MATERIAL PROVIDED: Begin

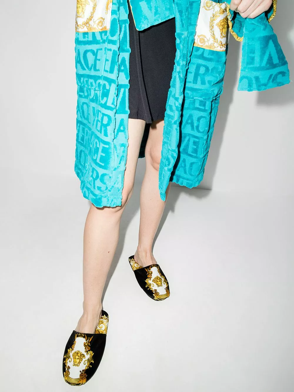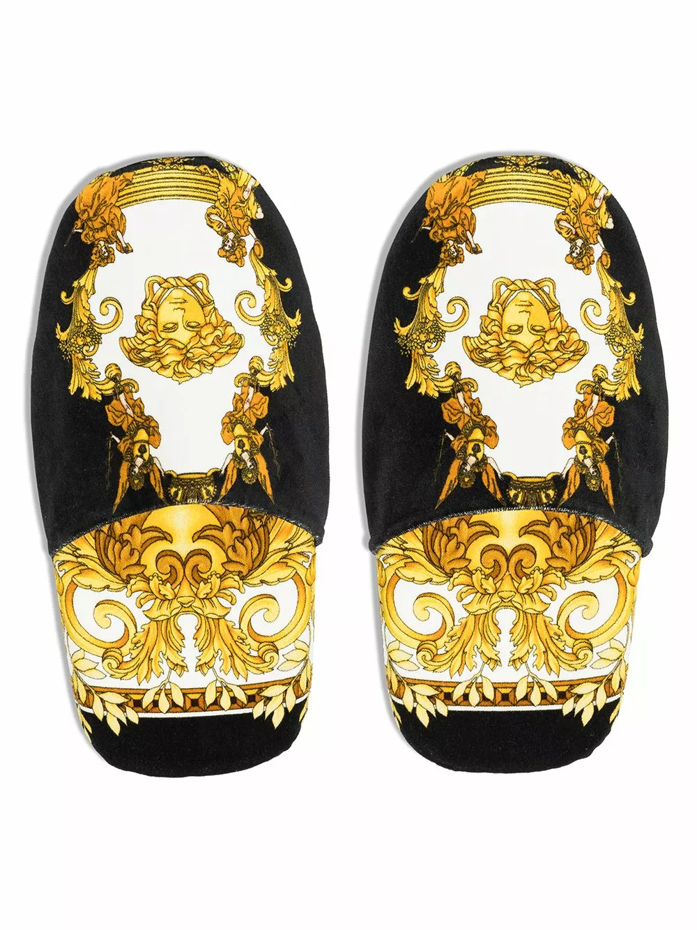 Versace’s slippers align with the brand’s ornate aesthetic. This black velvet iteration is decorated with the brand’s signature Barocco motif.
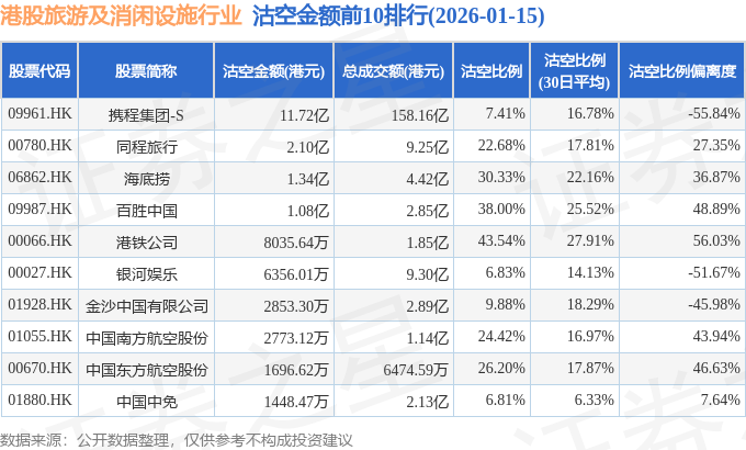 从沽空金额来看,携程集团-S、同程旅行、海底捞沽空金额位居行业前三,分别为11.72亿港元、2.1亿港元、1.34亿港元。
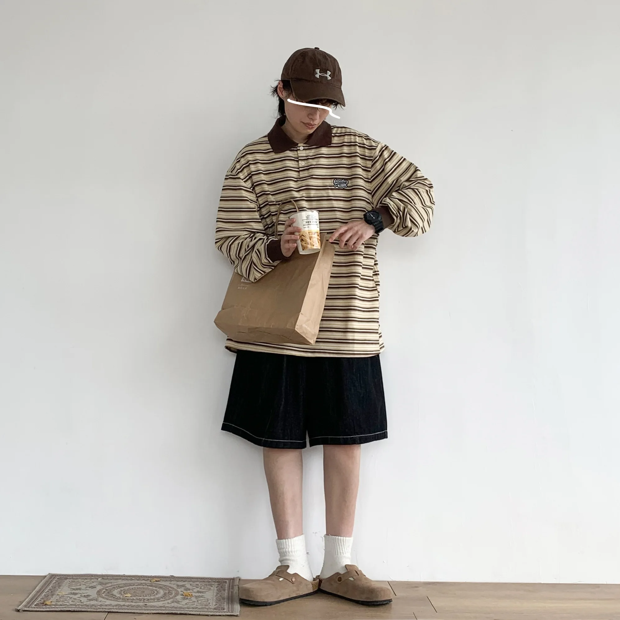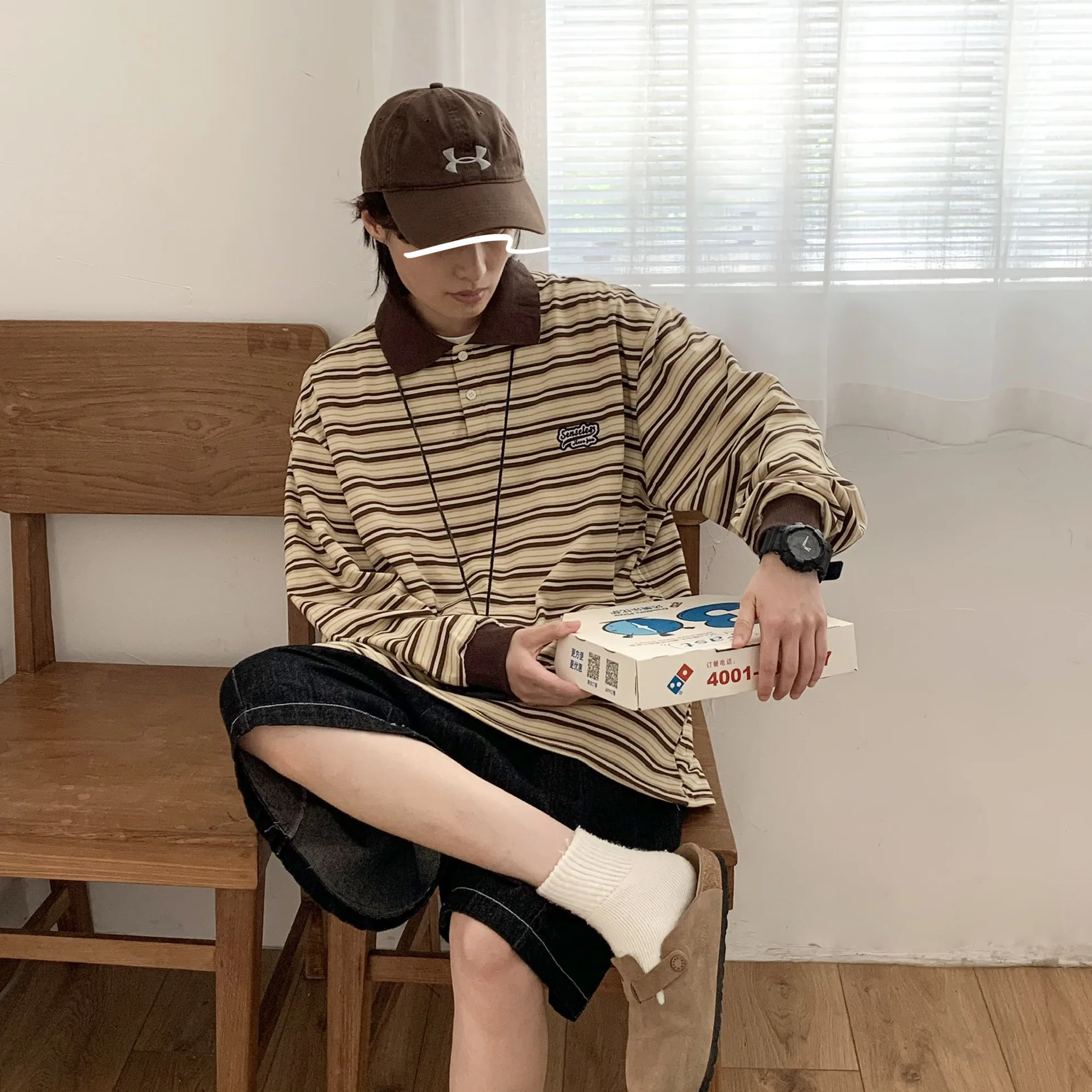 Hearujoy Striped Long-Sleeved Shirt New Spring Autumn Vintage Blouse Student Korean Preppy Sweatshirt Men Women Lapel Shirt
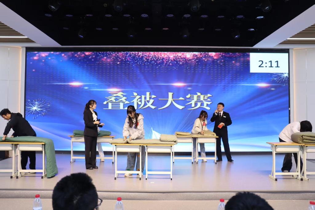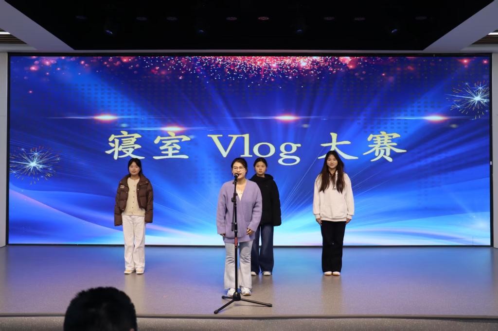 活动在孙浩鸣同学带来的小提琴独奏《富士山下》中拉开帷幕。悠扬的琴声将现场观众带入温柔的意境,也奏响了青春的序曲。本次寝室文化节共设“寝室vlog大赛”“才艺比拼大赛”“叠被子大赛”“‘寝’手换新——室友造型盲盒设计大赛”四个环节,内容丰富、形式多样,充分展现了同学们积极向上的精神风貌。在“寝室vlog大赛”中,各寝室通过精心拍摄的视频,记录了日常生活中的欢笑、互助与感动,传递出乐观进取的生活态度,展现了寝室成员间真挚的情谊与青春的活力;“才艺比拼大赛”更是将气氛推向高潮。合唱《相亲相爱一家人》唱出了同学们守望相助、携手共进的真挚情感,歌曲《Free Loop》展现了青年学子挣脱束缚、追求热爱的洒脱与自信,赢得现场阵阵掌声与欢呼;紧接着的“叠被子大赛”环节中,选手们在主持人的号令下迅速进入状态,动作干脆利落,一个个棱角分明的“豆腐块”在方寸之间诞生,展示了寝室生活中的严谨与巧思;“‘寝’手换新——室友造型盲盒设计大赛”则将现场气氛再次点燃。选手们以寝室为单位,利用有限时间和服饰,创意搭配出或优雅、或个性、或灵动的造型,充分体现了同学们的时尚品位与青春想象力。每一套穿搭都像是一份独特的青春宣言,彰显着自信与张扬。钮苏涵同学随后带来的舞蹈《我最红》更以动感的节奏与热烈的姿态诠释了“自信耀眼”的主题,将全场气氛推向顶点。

MATERIAL PROVIDED: End

▶ [WORK ORDER] Set down the whole listing word for word, omitting the pictures.

▶ [ANSWER BOX]
 Versace’s slippers align with the brand’s ornate aesthetic. This black velvet iteration is decorated with the brand’s signature Barocco motif.
 从沽空金额来看,携程集团-S、同程旅行、海底捞沽空金额位居行业前三,分别为11.72亿港元、2.1亿港元、1.34亿港元。
 Hearujoy Striped Long-Sleeved Shirt New Spring Autumn Vintage Blouse Student Korean Preppy Sweatshirt Men Women Lapel Shirt
 活动在孙浩鸣同学带来的小提琴独奏《富士山下》中拉开帷幕。悠扬的琴声将现场观众带入温柔的意境,也奏响了青春的序曲。本次寝室文化节共设“寝室vlog大赛”“才艺比拼大赛”“叠被子大赛”“‘寝’手换新——室友造型盲盒设计大赛”四个环节,内容丰富、形式多样,充分展现了同学们积极向上的精神风貌。在“寝室vlog大赛”中,各寝室通过精心拍摄的视频,记录了日常生活中的欢笑、互助与感动,传递出乐观进取的生活态度,展现了寝室成员间真挚的情谊与青春的活力;“才艺比拼大赛”更是将气氛推向高潮。合唱《相亲相爱一家人》唱出了同学们守望相助、携手共进的真挚情感,歌曲《Free Loop》展现了青年学子挣脱束缚、追求热爱的洒脱与自信,赢得现场阵阵掌声与欢呼;紧接着的“叠被子大赛”环节中,选手们在主持人的号令下迅速进入状态,动作干脆利落,一个个棱角分明的“豆腐块”在方寸之间诞生,展示了寝室生活中的严谨与巧思;“‘寝’手换新——室友造型盲盒设计大赛”则将现场气氛再次点燃。选手们以寝室为单位,利用有限时间和服饰,创意搭配出或优雅、或个性、或灵动的造型,充分体现了同学们的时尚品位与青春想象力。每一套穿搭都像是一份独特的青春宣言,彰显着自信与张扬。钮苏涵同学随后带来的舞蹈《我最红》更以动感的节奏与热烈的姿态诠释了“自信耀眼”的主题,将全场气氛推向顶点。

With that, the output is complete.